Hazelwood's condition at the time will remain in dispute, in large part because of key missteps in the way alcohol tests were handled after the crash. The botched tests have been used by critics to claim Hazelwood skirted the truth, and by Hazelwood to claim he's been a victim of unsubstantiated charges.

Several reports confirm that an Alaska state trooper was dispatched to the ship to test Hazelwood but didn't bring a Breathalyzer machine. And Larson believes a blood sample taken by a Coast Guard technician 10 hours after the accident was mishandled and, therefore, unreliable - a charge the Coast Guard disputes.

"I don't think Hollywood, on its best day, could have scripted a scenario where the handling was more screwed up," Larson said.

Larson's investigation indicated that Hazelwood may have had something to drink in his quarters after the grounding - a claim the captain denies.

"But I probably would have entertained the notion if something was available," Hazelwood said.

The former captain declined to say if he ever drank on board ship. "If I were to say yes, I'm sure I wouldn't be the first to ever do so," he said. "Some shipping companies have it on board as a policy."

Life in the third person

The mystery that continues to haunt Hazelwood involves the failed 10-degree turn.

Cousins, the third mate, said in court testimony that he had ordered the turn, as directed by Hazelwood. But Cousins couldn't remember where the ship was when he gave that order. The ship's electronic course recorder indicated the turn was initiated six minutes later than it should have been.

The recorder shows that helmsman Robert Kagan Jr. compounded the problem by understeering the ship by at least 6 degrees. If he had varied a degree one way or the other, he might have missed the reef on the outside, or slipped through a gap on the inside.

Cousins is now a second mate on a U.S.-flagged bulk ship. Kagan retired from Exxon ships in 1995 and recently served as a crew member aboard an oil-spill cleanup vessel.

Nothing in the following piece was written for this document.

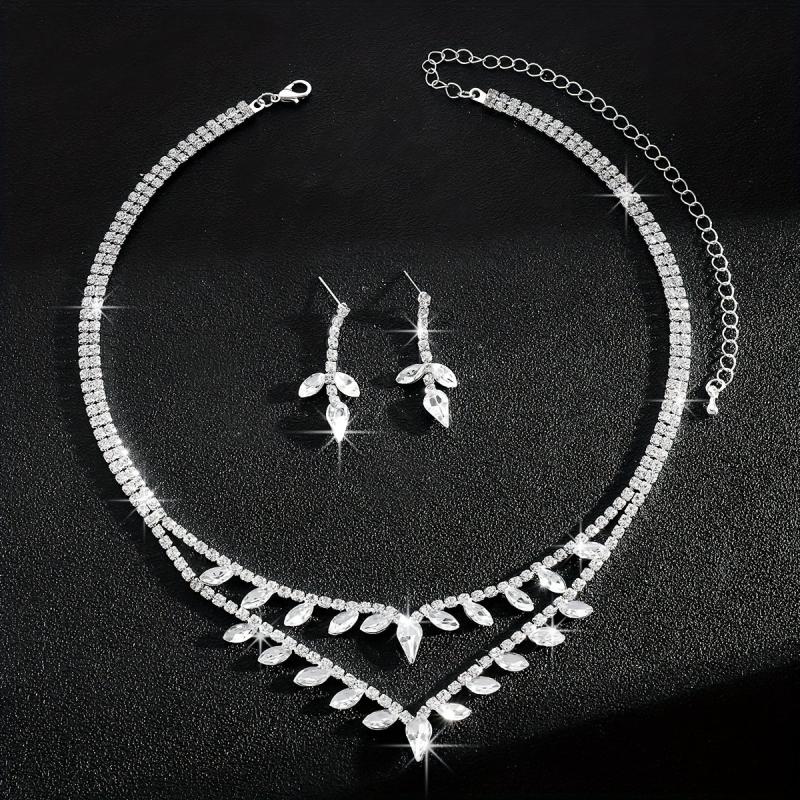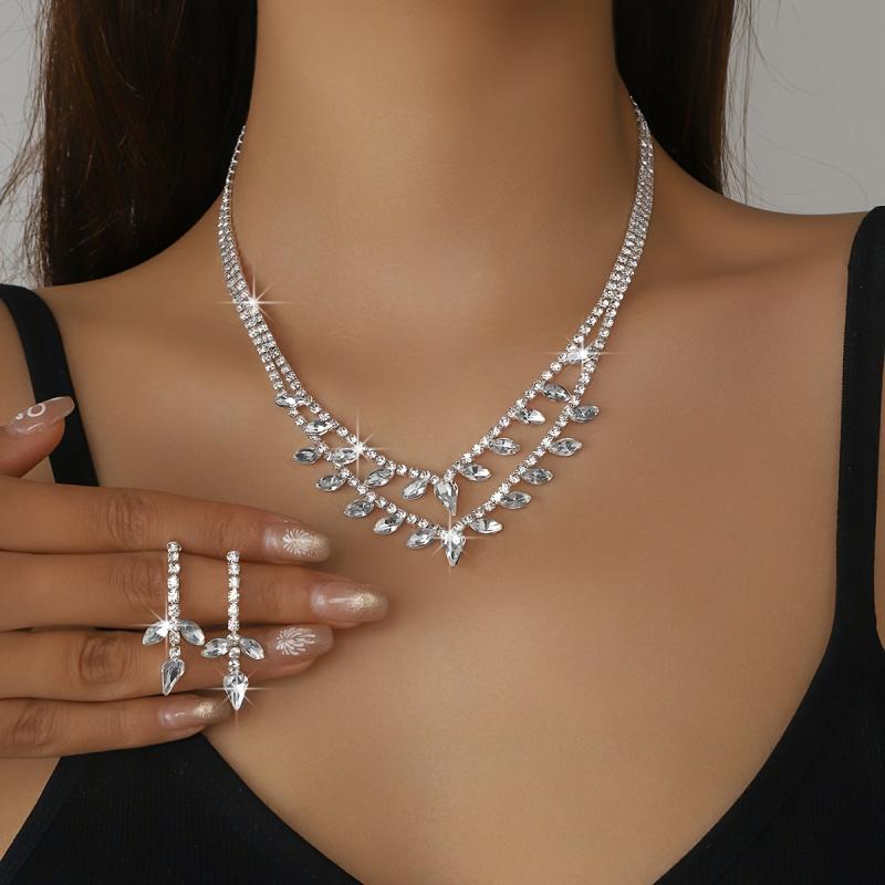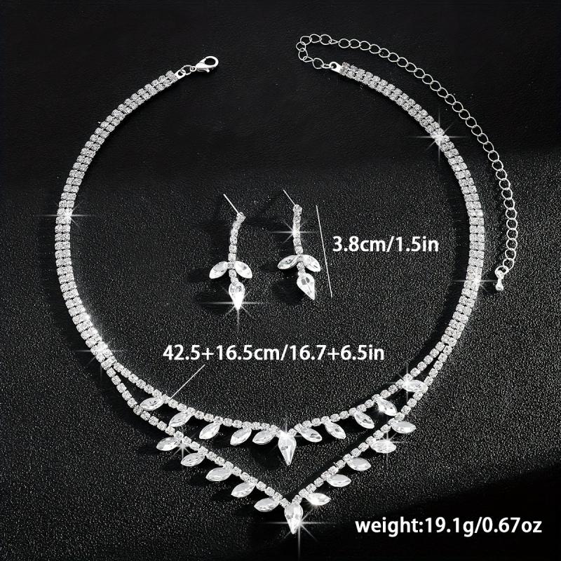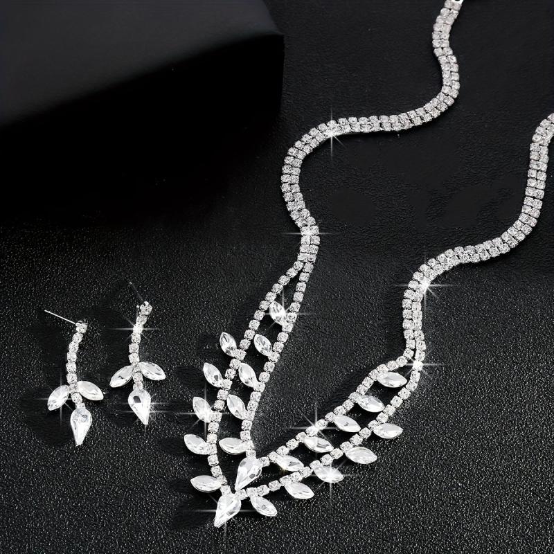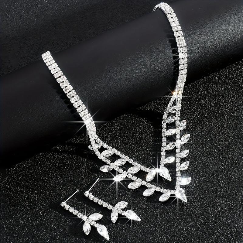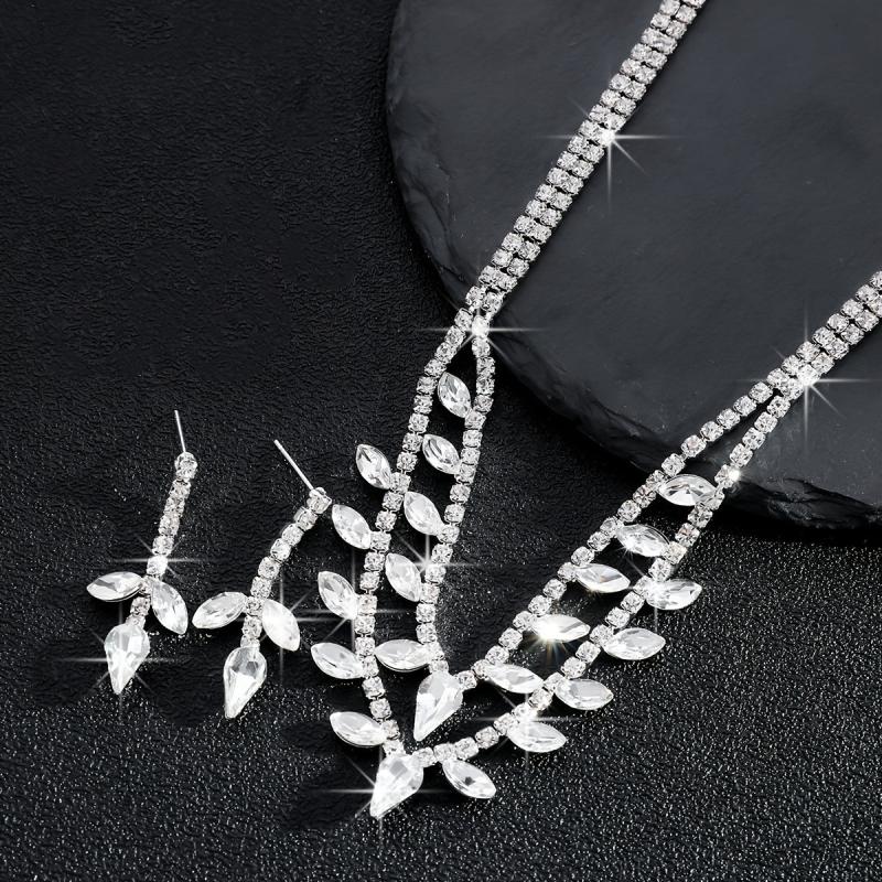 Elegant jewelry set featuring artificial crystal leaf design, perfect for bridal weddings and special occasions.

The other person on the bridge that night was Maureen Jones, the lookout, who was licensed as an officer but sailing as a regular crew member. She was the first to sound an alarm when she noticed a buoy light in the wrong position.

Jones now sails as an officer.

Coping with notoriety

For the first four days after the crash, Hazelwood walked freely around Valdez, his face not yet familiar to the news crews that swarmed the coast. But when he got to Seattle-Tacoma International Airport, to catch a connecting flight home, his picture was staring back at him from the front page of The New York Times.

"I started living my life in the third person," he said. "It was a picture of me, but it really wasn't me. This couldn't happen to me."

Death threats came by mail and phone to his Long Island home. Hearings and trials followed in a blur.

Now he commutes home by train, an hour each way. On a winter's day, when the trees are bare, he and his wife of 29 years can see Long Island Sound a half-mile away. Though Georgia-born, he grew up nearby and the sea has long been a good friend.

Since navigating Long Island Sound as a child, Hazelwood has been a sailor. He started with Exxon in 1968, as a third mate, fresh out of the state maritime academy. If a decent company came calling, he would be happy to sail again as a regular officer.

Friends say he is a careful skipper. In 1979, off Vancouver Island, furious seas swamped his fully loaded tanker. Green water flattened fire stations and broke through the windows on the bridge.

Hazelwood steadied the ship without spilling a drop of cargo.